Among the entries below, count the lines that contain the word "your". Respond with the count only.

> **Material for this exercise**:
▼▼▼

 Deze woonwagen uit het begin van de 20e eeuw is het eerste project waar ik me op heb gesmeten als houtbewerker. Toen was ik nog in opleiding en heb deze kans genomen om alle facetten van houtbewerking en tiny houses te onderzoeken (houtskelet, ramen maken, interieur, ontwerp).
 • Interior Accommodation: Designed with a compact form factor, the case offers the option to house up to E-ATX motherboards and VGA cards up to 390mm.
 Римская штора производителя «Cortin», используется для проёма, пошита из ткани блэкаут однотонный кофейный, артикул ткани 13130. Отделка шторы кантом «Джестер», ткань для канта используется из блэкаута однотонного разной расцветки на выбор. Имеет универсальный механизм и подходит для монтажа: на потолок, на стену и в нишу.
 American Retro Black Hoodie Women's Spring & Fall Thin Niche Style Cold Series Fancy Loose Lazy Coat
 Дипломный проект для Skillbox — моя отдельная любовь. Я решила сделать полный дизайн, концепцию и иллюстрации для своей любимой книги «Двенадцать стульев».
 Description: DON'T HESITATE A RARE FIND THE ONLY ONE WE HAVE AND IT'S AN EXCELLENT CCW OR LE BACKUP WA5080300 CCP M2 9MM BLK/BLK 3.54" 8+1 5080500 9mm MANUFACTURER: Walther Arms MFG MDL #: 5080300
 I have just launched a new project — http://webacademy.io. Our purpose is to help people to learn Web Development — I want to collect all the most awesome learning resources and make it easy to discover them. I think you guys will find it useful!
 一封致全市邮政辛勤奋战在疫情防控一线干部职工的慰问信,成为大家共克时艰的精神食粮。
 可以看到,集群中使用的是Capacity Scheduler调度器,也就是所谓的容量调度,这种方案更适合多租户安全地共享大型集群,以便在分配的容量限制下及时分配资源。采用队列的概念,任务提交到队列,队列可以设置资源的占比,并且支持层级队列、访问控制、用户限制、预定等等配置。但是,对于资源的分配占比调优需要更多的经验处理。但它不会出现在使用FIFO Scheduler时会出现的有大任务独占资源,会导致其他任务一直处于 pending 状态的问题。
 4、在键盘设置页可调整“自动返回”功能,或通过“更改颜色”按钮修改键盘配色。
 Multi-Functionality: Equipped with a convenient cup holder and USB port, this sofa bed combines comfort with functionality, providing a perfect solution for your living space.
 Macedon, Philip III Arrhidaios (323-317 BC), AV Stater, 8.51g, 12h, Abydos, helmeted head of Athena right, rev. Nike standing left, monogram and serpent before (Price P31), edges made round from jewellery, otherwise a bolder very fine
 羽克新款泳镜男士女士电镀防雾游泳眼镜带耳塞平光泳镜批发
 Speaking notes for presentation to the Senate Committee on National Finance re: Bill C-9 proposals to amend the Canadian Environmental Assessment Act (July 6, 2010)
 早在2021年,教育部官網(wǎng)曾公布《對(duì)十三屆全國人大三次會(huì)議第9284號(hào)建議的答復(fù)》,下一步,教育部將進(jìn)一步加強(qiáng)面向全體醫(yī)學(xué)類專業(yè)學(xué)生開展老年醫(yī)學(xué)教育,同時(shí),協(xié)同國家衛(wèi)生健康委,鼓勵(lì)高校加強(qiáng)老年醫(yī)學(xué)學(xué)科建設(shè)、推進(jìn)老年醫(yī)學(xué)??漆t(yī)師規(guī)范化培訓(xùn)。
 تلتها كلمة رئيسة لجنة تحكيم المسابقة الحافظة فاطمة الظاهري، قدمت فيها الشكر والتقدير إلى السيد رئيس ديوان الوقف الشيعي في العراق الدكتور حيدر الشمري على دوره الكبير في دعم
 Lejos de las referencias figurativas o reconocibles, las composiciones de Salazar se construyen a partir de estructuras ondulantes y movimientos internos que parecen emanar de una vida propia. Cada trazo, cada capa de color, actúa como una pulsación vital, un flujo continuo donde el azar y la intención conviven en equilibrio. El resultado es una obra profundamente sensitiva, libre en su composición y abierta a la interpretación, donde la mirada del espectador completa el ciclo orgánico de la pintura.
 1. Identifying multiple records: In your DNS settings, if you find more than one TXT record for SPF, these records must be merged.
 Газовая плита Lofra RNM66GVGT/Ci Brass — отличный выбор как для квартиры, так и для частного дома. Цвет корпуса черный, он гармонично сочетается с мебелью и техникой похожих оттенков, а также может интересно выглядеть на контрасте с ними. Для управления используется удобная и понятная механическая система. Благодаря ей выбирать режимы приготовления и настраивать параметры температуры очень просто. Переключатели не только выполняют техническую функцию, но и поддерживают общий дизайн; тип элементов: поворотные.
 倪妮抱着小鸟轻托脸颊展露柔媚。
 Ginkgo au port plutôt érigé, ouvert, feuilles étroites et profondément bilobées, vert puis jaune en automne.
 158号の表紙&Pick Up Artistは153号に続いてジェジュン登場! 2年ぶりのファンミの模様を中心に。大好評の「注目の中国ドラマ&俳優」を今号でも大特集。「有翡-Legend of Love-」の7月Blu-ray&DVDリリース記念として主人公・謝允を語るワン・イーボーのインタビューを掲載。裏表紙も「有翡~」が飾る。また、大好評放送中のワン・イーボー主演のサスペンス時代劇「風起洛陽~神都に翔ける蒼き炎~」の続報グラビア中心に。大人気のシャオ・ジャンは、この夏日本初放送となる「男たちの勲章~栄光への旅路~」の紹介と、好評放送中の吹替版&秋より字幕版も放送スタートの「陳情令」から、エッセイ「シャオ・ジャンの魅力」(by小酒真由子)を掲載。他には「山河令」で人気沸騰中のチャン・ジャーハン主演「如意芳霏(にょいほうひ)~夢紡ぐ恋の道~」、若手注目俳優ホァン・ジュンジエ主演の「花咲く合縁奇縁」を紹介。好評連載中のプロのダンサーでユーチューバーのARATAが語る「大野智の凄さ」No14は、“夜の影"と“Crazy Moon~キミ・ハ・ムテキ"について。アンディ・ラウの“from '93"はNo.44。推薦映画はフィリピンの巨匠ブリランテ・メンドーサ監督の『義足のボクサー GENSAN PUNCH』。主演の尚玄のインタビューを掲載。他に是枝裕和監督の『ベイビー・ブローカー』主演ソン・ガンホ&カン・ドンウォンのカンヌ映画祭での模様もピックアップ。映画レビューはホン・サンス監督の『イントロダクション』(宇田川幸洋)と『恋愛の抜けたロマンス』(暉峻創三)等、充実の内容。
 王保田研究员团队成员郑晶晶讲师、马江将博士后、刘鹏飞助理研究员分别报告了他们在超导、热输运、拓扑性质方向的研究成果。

▲▲▲

> **Completed task**: 2